Overcoming On-Target, Off-Tumor Toxicity

Multiple strategies to reduce off-tumor toxicities are now under development and are likely to offer novel clinically effective CAR T-cell products (111). Some of these approaches include the restriction of the recognition of normal cells by the CAR optimizing the specific interaction with tumor cells, either by (1) including the recognition of more restricted tumor-antigens or recognition of multiple antigens; and/or (2) limiting the spatial and temporal activity of CAR T-cells. In this sense, a novel target antigen has been reported for the immunotherapy of MM, GPRC5D. GPRC5D is a human orphan family C G protein-coupled receptor recently described to be expressed on 98% of CD138positive cells (112, 113). The expression pattern of GPRC5D has proven to be very restricted in non-plasma tissues with the only exception of hair follicle cells. Consequently, GPRC5D CAR T-cells were generated by Smith et al. (113) showing anti-tumor efficacy against myeloma cells both in vitro and in a mouse model. Of note, GPRC5D CAR T-cells were also effective in eradication of myeloma after BCMA CAR T-cell treatment in a murine model which might be an option to overcome BCMA antigen escape. These data suggest that GPRC5D CAR T-cells could be an attractive alternative treatment in MM.

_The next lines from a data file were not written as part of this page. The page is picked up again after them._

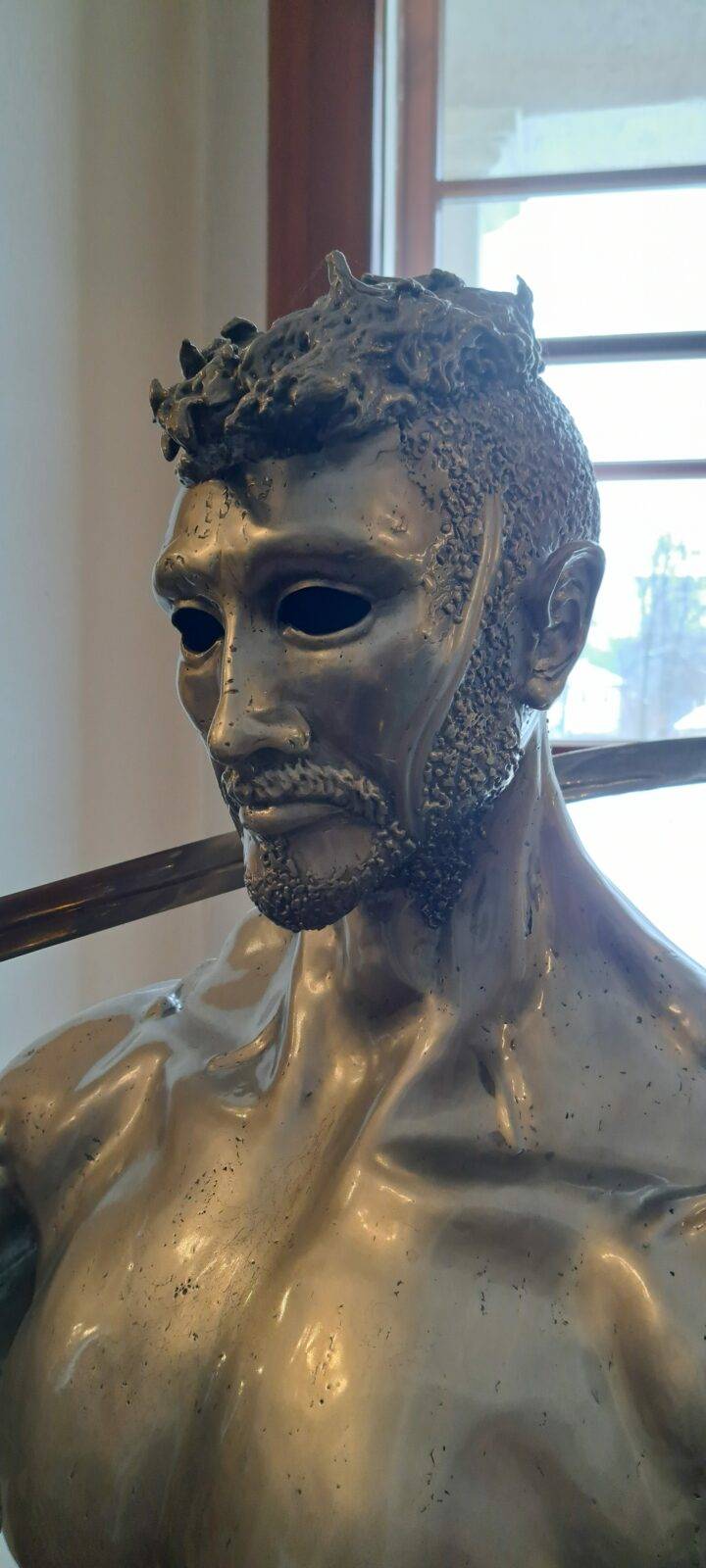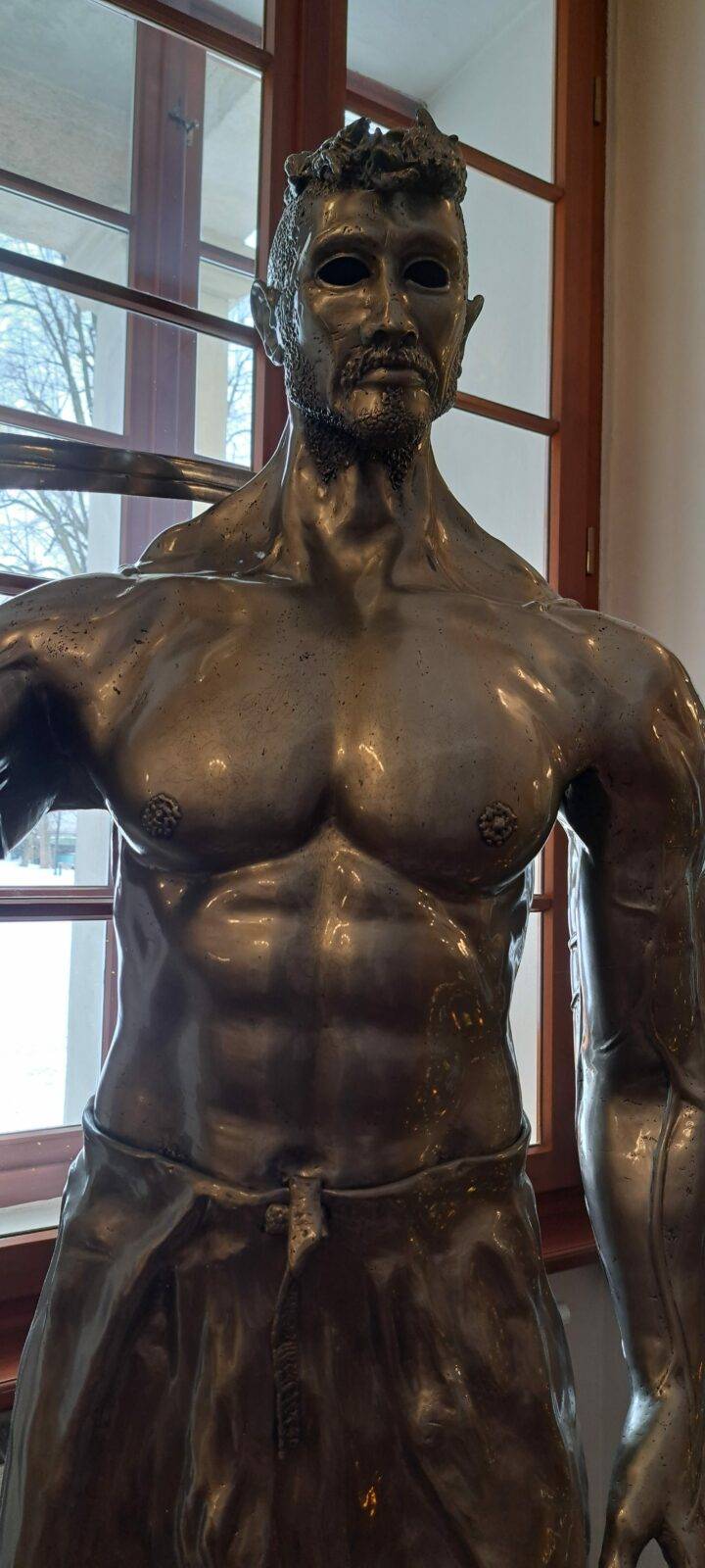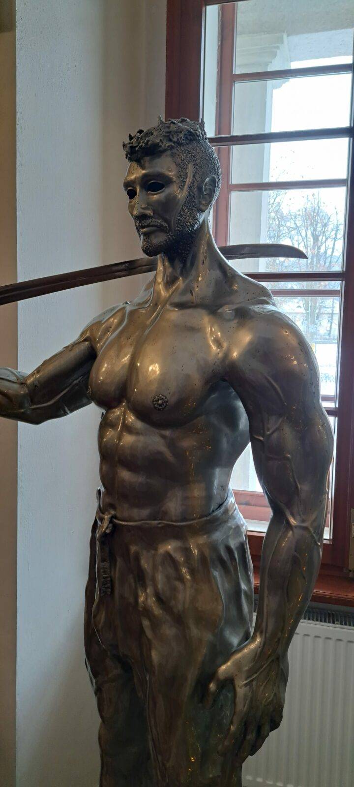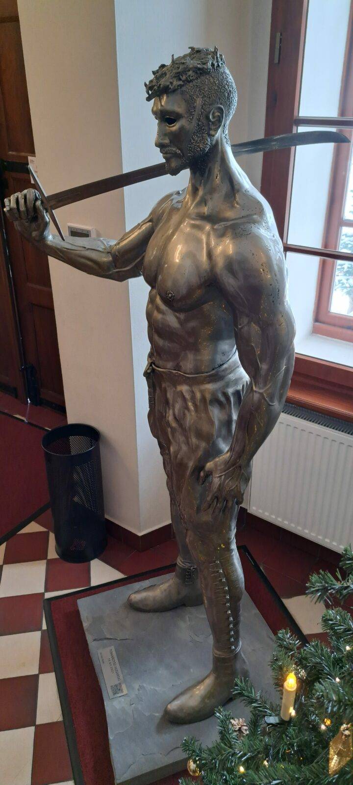 The sculpture Hussar (19.XII.2021) is a monumental piece celebrating one of the most iconic warriors in Polish history – the Hussar. The muscular figure holding a “batorówka” saber honors this elite cavalry, renowned for their unmatched effectiveness on European battlefields. The expressive face and hollow eye sockets of the hussar reflect deep contemplation over the fate of the Polish-Lithuanian Commonwealth, echoing the sentiments captured in Jan Matejko’s painting Stańczyk.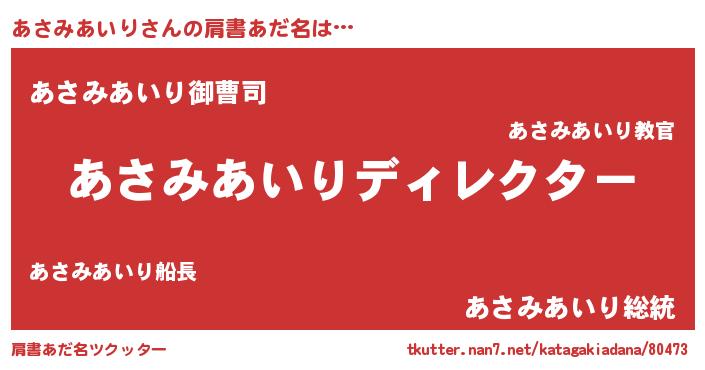 | 男性向けラノベタイトル風あだ名 | 『はたらくあさみあいりさま!』 |
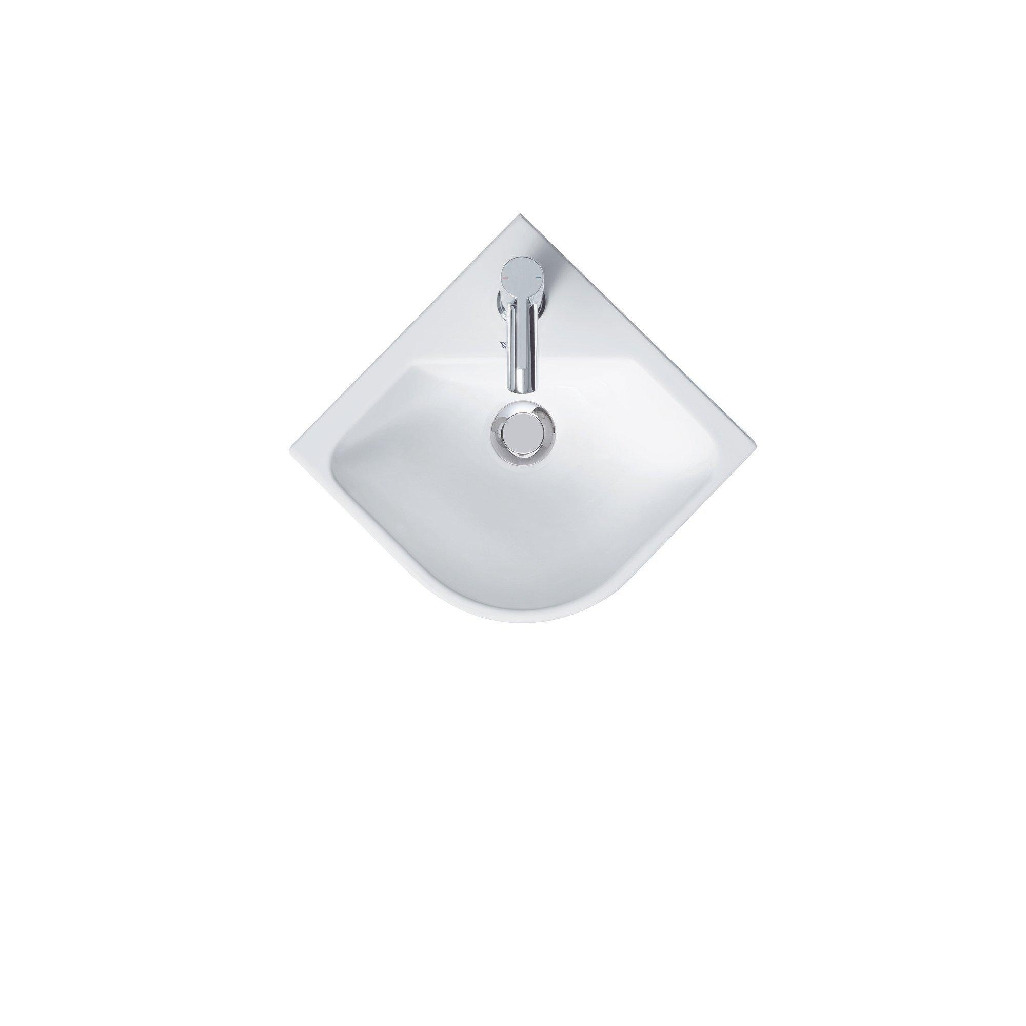 - Modèle d’angle compact d’environ 43x38 cm : idéal pour petites salles de bains et toilettes.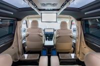Nội thất toàn gỗ và da cao cấp. Tinh hoa đặc biệt dành cho hàng ghế sau: sưởi làm mát, điều hoà riêng, ghế thương gia kèm bàn làm việc, lọc không khí nanoeX, rèm điện, âm thanh Bose tất cả được điều khiển qua màn hình riêng gắn trên tay ghế. Đúng xe dành cho ông chủ, không thiếu thứ gì!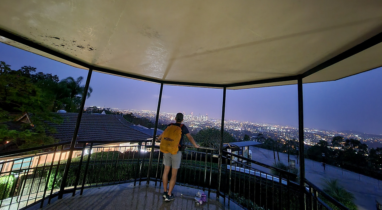고생 끝에 도착한 정상에서 내려다본 야경은 고난 뒤에 찾아온 선물처럼 느껴졌다. 브리즈번 시티에서 뿜어내는 불빛은 하늘을 가득 덮은 검은 먹구름에 난반사되어 하늘을 회색빛으로 물들었다. 비 오는 날 아무도 없는 정상에서 내려다보는 브리즈번의 야경은 그 나름은 운치가 있다.

A distinct approach to limit off-tumor toxicities when a tumor-restricted antigen is not identified, could be the “affinity-tuning,” which is based on differences in density of antigen level among tumor and normal cells. Low-affinity CAR T-cells (low affinity scFv antibodies) could be generated to target antigens expressed at higher density on tumor cells than on normal cells. This is based upon published observations that T-cell activation initiated through the endogenous αβ TCR may result from reaching an activation threshold level, which can be triggered by binding a few high-affinity TCRs or greater number of low-affinity TCRs (114, 115). Several studies have demonstrated that a CAR with reduced affinity rendered T-cells preferentially activated by high, but not low, density of target antigen (116119). However, immune escape has also been observed if downregulation of target antigen occurs (116, 120). In the myeloma setting, off-tumor toxicity profile of low affinity CD38 CAR T-cells has been evaluated. Drent et al. (71) showed that CD38 CAR T-cells with up to 1,000-fold decreased affinity were effective against CD38positive myeloma cells, whereas CD38positive healthy hematopoietic cells resulted unaffected.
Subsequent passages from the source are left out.